What I've done might be considered 'ugly', so theres almost certainly a more elegant approach; I leave that as a challenge to the rest of the forum
but I believe this is a start.


library(tidyverse)
library(lubridate)
library(readr)
csv_text <-"date,time,x1_mss,x2_mss,z1_mss
17/01/2020,23:47:50:3,-0.268,0.603,6.982
17/01/2020,23:47:50:4,-0.213,0.541,7.013
17/01/2020,23:47:50:5,-0.132,0.546,6.953
17/01/2020,23:47:50:6,-0.232,0.46,7.039
17/01/2020,23:47:50:7,-0.148,0.637,6.975
17/01/2020,23:47:50:8,-0.158,0.503,7.025
17/01/2020,23:47:50:9,-0.158,0.608,6.984
17/01/2020,23:47:51:0,-0.196,0.496,7.003
17/01/2020,23:47:51:1,-0.153,0.603,7.023
17/01/2020,23:47:51:2,-0.17,0.558,7.008
17/01/2020,23:47:51:3,-0.182,0.567,7.02
17/01/2020,23:47:51:4,-0.177,0.534,7.023
17/01/2020,23:47:51:5,-0.194,0.555,7.025
17/01/2020,23:47:51:6,-0.177,0.572,6.991
17/01/2020,23:47:51:7,-0.18,0.563,7.023
17/01/2020,23:47:51:8,-0.18,0.536,6.996
17/01/2020,23:47:51:9,-0.194,0.553,7.037
17/01/2020,23:47:52:0,-0.17,0.555,7.001
17/01/2020,23:47:52:1,-0.194,0.546,7.027"

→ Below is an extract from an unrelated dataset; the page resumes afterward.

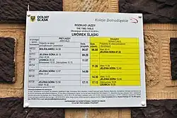 - ↑ Koleje Dolnośląskie: Linia D12 Wrocław Główny – Legnica – Bolesławiec – Zebrzydowa – Lwówek Śląski – Jelenia Góra. Liniowy rozkłady jazdy pociągów ważny od 12 czerwca do 3 września 2016 r.. www.kolejedolnoslaskie.eu. [dostęp 2016-08-10]. [zarchiwizowane z tego adresu (2016-08-11)]. (pol.).

my_raw_data <- readr::read_csv(file = csv_text)

my_d2 <- my_raw_data %>%
  mutate(full_dt_string = paste0(date,":",time),
         splitout = stringr::str_split(full_dt_string,
                                        ":")) %>% 
  rowwise() %>%
  mutate(         dmy_hms_strpart = paste0(splitout[[1]]," ",splitout[[2]],":",splitout[[3]],":",splitout[[4]]),
                  dmy_hms = dmy_hms(dmy_hms_strpart),
                  full_date_time = dmy_hms + seconds(parse_integer(splitout[[5]])/10),
                  fdt_round_sec = lubridate::round_date(full_date_time,unit="second"))

my_d3 <- select(my_d2,
                fdt_round_sec,
                x1_mss,
                x2_mss,
                z1_mss) %>%
  group_by(fdt_round_sec) %>%
  summarise_all(~mean(.))
  > my_d3
# A tibble: 3 x 4
  fdt_round_sec       x1_mss x2_mss z1_mss
  <dttm>               <dbl>  <dbl>  <dbl>
1 2020-01-17 23:47:50 -0.240  0.572   7.00
2 2020-01-17 23:47:51 -0.171  0.551   7.01
3 2020-01-17 23:47:52 -0.184  0.554   7.01

Lucianoemmert · February 29, 2020, 3:17pm

Thank you very much!!!

system · March 21, 2020, 3:17pm

This topic was automatically closed 21 days after the last reply. New replies are no longer allowed.